L’intrigue raconte le Paris de l’an VIII, après le coup d'Etat du 18 Brumaire. La France vit sous le joug du Consulat de Bonaparte. Près du Palais-Royal, le jeune Marie-Antoine Carême est un prodige de la pâtisserie. Il a tout appris chez son "père", Sylvain Bailly qui vient de se faire arrêter par Fouché, Ministre de la Police. Repéré par le Premier Consul en personne, c'est finalement Talleyrand qui le prend sous son aile et lui fait gravir les échelons d’une société française post-révolutionnaire encore en mutation. Entre les fastes retrouvés des salons mondains et les tensions politiques larvées, Antonin Carême essaye de faire libérer Bailly en imposant son art aux palais des puissants... qu'il exècre tant.

La fresque sur le père de la gastronomie moderne aurait pu être un festin raffiné. Elle se décline en fait en pièce-montée pop et acidulée, qui s’effondre sous le poids de ses excès. Préférant la flamboyance à l’authenticité, la série prend des libertés grossières avec la réalité, pour dessiner le portrait d'un rebelle au fourneau. Benjamin Voisin fait du cuisinier un ado surdoué et mutin, et transforme Carême en James Dean parisien insoumis.
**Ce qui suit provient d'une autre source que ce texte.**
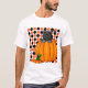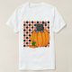 Colourful Halloween t-shirts, mugs, cards, stickers, trick or treat bags, magnets, and other Halloween clothing and gifts with a cute black cat in pumpkin and colourful orange and black dots design!

Pourtant, la reconstitution historique est d’une richesse rare. Le tournage dans des décors réels (Les Tuileries, l’Opéra Garnier, le Palais Royal etc.) apporte une valeur indéniable, et permet de prendre admirablement le pouls de cette période troublée, contant en filigrane les intrigues politiques qui gravitaient autour de Bonaparte. Mais cette rigueur s’arrête aux costumes et aux lieux. Carême préfère jouer la carte de l'Histoire rock’n’roll, où la haute-société de l'époque est érotisée à outrance, dans des mises en scène tape-à-l’œil. Si l'on peut apprécier la liberté de ton, cette relecture excessive laisse un drôle de goût en bouche et confine parfois à la caricature, jusqu'à transformer Fouché en vilain de cartoon.

Et puis, il y a la gastronomie. La série n'est pas l’ode à l’art culinaire qu'on aurait pu croire. Carême cède volontiers à la mise en scène grasse de la dégustation, où chaque bouchée se transforme en un étalage vulgaire. Plans serrés sur des doigts léchés, pâtisseries englouties dans des soupirs lascifs : on est loin de la délicatesse ciselée de Tran Anh Hung. Tandis que Dodin Bouffant sublimait la cuisine en une poésie visuelle et sensorielle, Carême la réduit à une surenchère de pulsions primaires.
Carême, saison 1 en 8 épisodes, à voir sur Apple TV+ à partir du 30 avril 2025.